A U.S. judge, in what must have been an amazing moment of legal clarity, ruled this week that Apple isn’t to blame if you drop your iPhone and break it.
Judge Edward Davila of the San Jose District Court this week rejected a local man’s attempt to sue the Cupertino giant over a cracked iPhone 4 panel, stating “it is a well known fact of life that glass can break under impact”.
The plaintiff, Betsalel Williamson, needed to have his iPhone repaired after he knocked the device off of the arm of a chair. The resulting swift loss of altitude, followed immediately by a sudden de-acceleration trauma, (it fell, and had a hard landing on the floor), resulted in the iPhone’s rear-facing glass breaking.
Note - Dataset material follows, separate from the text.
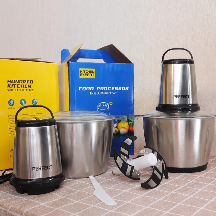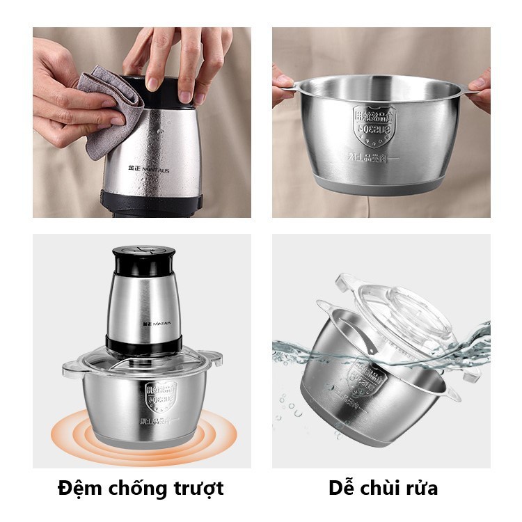 Máy xay thịt cối inox dung tích 2L, xay đa năng 4 lưỡi có thể dùng xay tiêu, thịt cá hoặc các loại thực phẩm khác
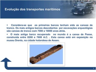 O documento descreve a evolução dos meios de transporte marítimos e aéreos ao longo da história, desde as primeiras canoas de tronco até os modernos navios, submarinos, aviões e dirigíveis. Inclui detalhes sobre inventores pioneiros e marcos históricos, como a primeira viagem de um barco a vapor em 1819 e o primeiro voo controlado de um avião pelos irmãos Wright em 1903.

Williamson wanted the court to tell Apple they needed to reimburse him for the resulting repairs, saying his case showed that Apple’s claims in advertising that the handset’s glass paneling was “gorilla” tough were clearly misleading.
Nope, not gonna do it, ruled the judge.
“A ‘reasonable consumer’ viewing a commercial showing the iPhone 4 in use as a phone, but without a cover, would not be misled to believe that the iPhone 4 could withstand any particular level of impact if the phone was dropped,” he wrote in his verdict.
In other words, pay the bill Mr. Williamson, next case please.
Williamson was given the opportunity to revise his complaint to show specific examples of Apple’s alleged misleading advertising.